1,know awesome ipadiphone app youll likely appre...,"[know, awesome, ipadiphone, app, youll, likely..."
2,wait also sale,"[wait, also, sale]"
3,hope year festival isnt crashy year iphone app,"[hope, year, festival, isnt, crashy, year, iph..."
4,great stuff fri marissa mayer google tim oreil...,"[great, stuff, fri, marissa, mayer, google, ti..."


#### Feature Extraction(Converting Text to Numbers)

In [32]:
# Using TF-IDF(Term Frequency-Inverse Document Frequency)

# initialize the vectorizer
tfidf = TfidfVectorizer()

# fit and transform cleaned text
X = tfidf.fit_transform(df["clean_text"])

print("Shape of TF-IDF matrix:" , X.shape)
print("-------"*15)
print("TF-IDF Vocabulary:", tfidf.get_feature_names_out())
print("-------"*15)
print("Vocabulary size:", len(tfidf.get_feature_names_out()))
print("-------"*15)
print("TF-IDF Representation:", X.toarray())


Shape of TF-IDF matrix: (9070, 8388)
---------------------------------------------------------------------------------------------------------
TF-IDF Vocabulary: ['aapl' 'aaron' 'ab' ... 'zuckerberg' 'zynga' 'zzzs']
---------------------------------------------------------------------------------------------------------
Vocabulary size: 8388
---------------------------------------------------------------------------------------------------------
TF-IDF Representation: [[0. 0. 0. ... 0. 0. 0.]
 [0. 0. 0. ... 0. 0. 0.]
 [0. 0. 0. ... 0. 0. 0.]
 ...
 [0. 0. 0. ... 0. 0. 0.]
 [0. 0. 0. ... 0. 0. 0.]
 [0. 0. 0. ... 0. 0. 0.]]


TF-IDF assigns higher weight to words that are important in a specific tweet but rare across all tweets.
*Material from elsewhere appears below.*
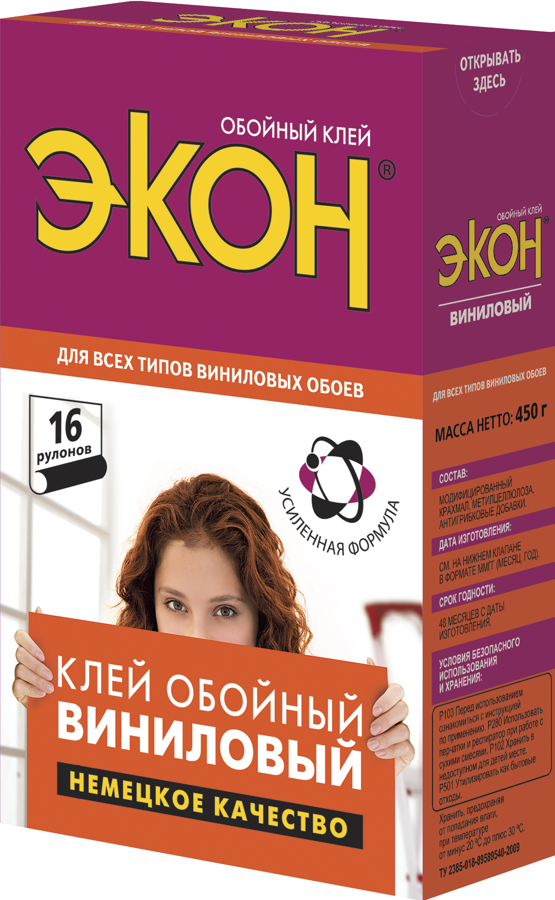 Клей для обоев "ЭКОН Виниловый" используется для всех видов виниловых обоев, вспененного винила и обоев с шелкографией. Им удобно пользоваться. Усиленная формула обеспечивает равное нанесение без подтеков и надежное приклеивание. Готовность в течение 15 минут.

It also helps the model focus on meaningful words that carry sentiments.


In [33]:
# Using CountVectorizer or Bag of Words(BoW)
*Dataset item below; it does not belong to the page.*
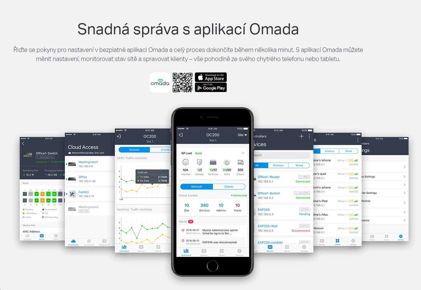| Centralizovaná správa | • Cloudový riadiaci systém Omada • Omada Hardware Controller (OC300) • Omada Hardware Controller (OC200) • Omada Software Controller |

#Initialize the vectorizer
vectorizer = CountVectorizer()

#Fit and transform cleaned text
X_bow = vectorizer.fit_transform(df["clean_text"])

print("Shape of Bag-of-Words matrix:", X_bow.shape)
print("-------"*15)
print("Bag-of-Words Vocabulary:", vectorizer.get_feature_names_out())
print("-------"*15)
print("Vocabulary size:", len(vectorizer.get_feature_names_out()))
print("-------"*15)
print("Bag-of-Words Representation:", X_bow.toarray())

Shape of Bag-of-Words matrix: (9070, 8388)
---------------------------------------------------------------------------------------------------------
Bag-of-Words Vocabulary: ['aapl' 'aaron' 'ab' ... 'zuckerberg' 'zynga' 'zzzs']
---------------------------------------------------------------------------------------------------------
Vocabulary size: 8388
---------------------------------------------------------------------------------------------------------
Bag-of-Words Representation: [[0 0 0 ... 0 0 0]
 [0 0 0 ... 0 0 0]
 [0 0 0 ... 0 0 0]
 ...
 [0 0 0 ... 0 0 0]
 [0 0 0 ... 0 0 0]
 [0 0 0 ... 0 0 0]]


Bag-of-Words (CountVectorizer) captures the raw frequency of words in each tweet, and is useful as a baseline model providing a straightforward representation of text.

Using both approches allows comparison of feature representations and model performance. While TF-IDF often yields better results for sentiment classification, BoW provides a simple, interpretable baseline.